Segment Open

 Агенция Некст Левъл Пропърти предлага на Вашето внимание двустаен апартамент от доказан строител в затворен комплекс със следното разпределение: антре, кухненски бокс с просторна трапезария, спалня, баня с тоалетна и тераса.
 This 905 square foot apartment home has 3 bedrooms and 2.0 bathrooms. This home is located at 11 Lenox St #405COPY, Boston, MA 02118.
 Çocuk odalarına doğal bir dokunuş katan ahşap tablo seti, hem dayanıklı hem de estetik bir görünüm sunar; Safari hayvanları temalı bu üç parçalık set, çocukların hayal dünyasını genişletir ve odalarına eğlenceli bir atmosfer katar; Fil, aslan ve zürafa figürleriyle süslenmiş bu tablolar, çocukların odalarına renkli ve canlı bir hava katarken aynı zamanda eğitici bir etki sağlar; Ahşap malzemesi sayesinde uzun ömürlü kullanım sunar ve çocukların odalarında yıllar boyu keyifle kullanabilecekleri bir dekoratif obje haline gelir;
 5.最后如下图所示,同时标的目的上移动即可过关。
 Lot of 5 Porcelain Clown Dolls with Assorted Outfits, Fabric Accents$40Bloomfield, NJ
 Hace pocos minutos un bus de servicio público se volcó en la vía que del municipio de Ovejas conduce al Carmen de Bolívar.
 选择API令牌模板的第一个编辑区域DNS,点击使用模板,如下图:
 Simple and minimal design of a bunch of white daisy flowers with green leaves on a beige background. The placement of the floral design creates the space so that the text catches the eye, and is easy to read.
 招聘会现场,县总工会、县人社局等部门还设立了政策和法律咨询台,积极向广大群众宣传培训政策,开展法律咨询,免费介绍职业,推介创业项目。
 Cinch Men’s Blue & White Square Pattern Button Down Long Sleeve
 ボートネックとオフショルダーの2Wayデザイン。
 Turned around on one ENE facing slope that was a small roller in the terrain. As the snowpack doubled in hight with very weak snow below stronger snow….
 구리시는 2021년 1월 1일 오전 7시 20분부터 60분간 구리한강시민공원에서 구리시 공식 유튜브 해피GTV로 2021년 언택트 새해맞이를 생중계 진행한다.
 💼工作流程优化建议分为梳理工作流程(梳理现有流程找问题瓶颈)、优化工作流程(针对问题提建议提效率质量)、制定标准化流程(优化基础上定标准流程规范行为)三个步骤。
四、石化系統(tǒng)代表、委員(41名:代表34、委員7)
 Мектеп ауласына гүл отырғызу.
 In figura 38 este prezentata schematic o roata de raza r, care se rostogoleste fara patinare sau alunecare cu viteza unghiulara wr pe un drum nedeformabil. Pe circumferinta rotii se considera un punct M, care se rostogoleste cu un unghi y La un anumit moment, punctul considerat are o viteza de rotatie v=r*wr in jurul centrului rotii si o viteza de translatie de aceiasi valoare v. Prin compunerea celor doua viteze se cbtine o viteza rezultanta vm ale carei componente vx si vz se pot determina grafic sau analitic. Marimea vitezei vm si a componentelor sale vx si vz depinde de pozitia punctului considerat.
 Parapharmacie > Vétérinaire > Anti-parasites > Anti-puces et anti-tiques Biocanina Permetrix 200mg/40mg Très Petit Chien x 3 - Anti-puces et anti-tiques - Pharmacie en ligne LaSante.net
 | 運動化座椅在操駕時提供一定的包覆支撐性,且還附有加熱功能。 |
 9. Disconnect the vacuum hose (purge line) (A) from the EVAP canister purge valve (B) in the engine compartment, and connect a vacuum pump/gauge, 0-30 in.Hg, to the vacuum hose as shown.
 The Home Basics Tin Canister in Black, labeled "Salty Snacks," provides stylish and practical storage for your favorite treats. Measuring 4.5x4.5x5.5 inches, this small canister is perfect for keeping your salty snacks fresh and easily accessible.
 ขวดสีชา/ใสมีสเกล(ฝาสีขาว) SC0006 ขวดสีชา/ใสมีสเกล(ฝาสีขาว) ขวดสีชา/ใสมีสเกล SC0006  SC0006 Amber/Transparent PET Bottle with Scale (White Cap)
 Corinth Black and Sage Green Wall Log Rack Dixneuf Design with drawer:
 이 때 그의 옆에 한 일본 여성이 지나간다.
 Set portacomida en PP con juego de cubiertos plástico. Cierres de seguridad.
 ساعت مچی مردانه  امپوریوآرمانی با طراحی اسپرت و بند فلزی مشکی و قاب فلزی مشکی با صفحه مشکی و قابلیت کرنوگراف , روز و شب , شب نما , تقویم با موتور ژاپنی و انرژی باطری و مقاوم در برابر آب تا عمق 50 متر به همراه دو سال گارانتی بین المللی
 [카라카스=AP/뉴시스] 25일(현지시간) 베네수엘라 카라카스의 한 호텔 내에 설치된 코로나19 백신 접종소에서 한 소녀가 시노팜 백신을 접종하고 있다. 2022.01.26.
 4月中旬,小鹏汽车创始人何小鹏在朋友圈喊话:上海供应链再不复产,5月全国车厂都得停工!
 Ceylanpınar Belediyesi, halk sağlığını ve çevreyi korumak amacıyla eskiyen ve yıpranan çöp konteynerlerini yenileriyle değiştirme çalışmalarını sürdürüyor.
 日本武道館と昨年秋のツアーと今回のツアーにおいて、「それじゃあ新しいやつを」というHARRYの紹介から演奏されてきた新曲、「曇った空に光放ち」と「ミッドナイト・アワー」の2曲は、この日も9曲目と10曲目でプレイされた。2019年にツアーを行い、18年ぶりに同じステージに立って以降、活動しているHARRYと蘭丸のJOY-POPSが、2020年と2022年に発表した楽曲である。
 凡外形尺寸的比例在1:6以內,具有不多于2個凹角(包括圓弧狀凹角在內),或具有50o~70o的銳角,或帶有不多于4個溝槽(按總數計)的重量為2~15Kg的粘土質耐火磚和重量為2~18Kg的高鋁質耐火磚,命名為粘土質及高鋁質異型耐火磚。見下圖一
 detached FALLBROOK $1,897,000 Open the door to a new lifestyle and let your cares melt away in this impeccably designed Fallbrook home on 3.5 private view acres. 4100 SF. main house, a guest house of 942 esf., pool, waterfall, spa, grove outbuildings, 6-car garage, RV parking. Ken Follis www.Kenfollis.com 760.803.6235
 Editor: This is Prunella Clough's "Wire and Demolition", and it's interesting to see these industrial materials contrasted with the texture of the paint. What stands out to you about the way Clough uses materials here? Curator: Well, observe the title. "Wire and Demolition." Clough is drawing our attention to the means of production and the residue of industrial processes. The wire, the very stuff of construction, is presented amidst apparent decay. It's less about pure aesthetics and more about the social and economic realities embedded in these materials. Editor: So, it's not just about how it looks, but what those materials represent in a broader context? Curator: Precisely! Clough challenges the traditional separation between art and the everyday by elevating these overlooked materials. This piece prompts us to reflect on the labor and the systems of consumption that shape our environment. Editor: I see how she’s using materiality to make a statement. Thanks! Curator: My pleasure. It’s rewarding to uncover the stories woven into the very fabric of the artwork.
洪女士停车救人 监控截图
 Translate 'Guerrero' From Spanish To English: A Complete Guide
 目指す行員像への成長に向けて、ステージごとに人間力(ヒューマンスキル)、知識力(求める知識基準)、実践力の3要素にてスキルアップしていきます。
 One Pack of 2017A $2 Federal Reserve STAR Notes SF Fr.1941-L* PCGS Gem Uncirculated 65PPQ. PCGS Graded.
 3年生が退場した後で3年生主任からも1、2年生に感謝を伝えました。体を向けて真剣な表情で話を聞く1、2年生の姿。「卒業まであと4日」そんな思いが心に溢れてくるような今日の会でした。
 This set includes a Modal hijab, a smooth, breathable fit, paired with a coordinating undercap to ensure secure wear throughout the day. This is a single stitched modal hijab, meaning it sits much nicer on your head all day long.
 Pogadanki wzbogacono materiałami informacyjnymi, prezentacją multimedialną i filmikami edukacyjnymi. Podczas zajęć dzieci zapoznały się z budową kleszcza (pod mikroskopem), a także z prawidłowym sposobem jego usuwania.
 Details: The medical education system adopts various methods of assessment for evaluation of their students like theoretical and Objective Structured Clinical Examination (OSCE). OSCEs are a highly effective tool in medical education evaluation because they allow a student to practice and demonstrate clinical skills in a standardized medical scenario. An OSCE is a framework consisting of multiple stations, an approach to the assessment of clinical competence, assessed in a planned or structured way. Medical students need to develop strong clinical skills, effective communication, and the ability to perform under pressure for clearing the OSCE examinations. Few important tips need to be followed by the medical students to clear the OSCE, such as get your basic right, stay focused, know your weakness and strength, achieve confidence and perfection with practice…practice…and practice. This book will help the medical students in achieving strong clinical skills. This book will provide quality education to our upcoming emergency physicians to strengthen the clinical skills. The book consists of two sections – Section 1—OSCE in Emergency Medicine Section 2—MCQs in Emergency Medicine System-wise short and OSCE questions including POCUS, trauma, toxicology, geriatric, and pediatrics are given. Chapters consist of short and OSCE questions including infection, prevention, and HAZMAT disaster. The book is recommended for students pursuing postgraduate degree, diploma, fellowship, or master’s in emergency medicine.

Segment Closed

▸ **PROBLEM DESCRIPTION**
Word for word, output the lines of the data from its first line through the line where "Simple and minimal" appears, and stop there.

▸ **SOLVED EXERCISE**
 Агенция Некст Левъл Пропърти предлага на Вашето внимание двустаен апартамент от доказан строител в затворен комплекс със следното разпределение: антре, кухненски бокс с просторна трапезария, спалня, баня с тоалетна и тераса.
 This 905 square foot apartment home has 3 bedrooms and 2.0 bathrooms. This home is located at 11 Lenox St #405COPY, Boston, MA 02118.
 Çocuk odalarına doğal bir dokunuş katan ahşap tablo seti, hem dayanıklı hem de estetik bir görünüm sunar; Safari hayvanları temalı bu üç parçalık set, çocukların hayal dünyasını genişletir ve odalarına eğlenceli bir atmosfer katar; Fil, aslan ve zürafa figürleriyle süslenmiş bu tablolar, çocukların odalarına renkli ve canlı bir hava katarken aynı zamanda eğitici bir etki sağlar; Ahşap malzemesi sayesinde uzun ömürlü kullanım sunar ve çocukların odalarında yıllar boyu keyifle kullanabilecekleri bir dekoratif obje haline gelir;
 5.最后如下图所示,同时标的目的上移动即可过关。
 Lot of 5 Porcelain Clown Dolls with Assorted Outfits, Fabric Accents$40Bloomfield, NJ
 Hace pocos minutos un bus de servicio público se volcó en la vía que del municipio de Ovejas conduce al Carmen de Bolívar.
 选择API令牌模板的第一个编辑区域DNS,点击使用模板,如下图:
 Simple and minimal design of a bunch of white daisy flowers with green leaves on a beige background. The placement of the floral design creates the space so that the text catches the eye, and is easy to read.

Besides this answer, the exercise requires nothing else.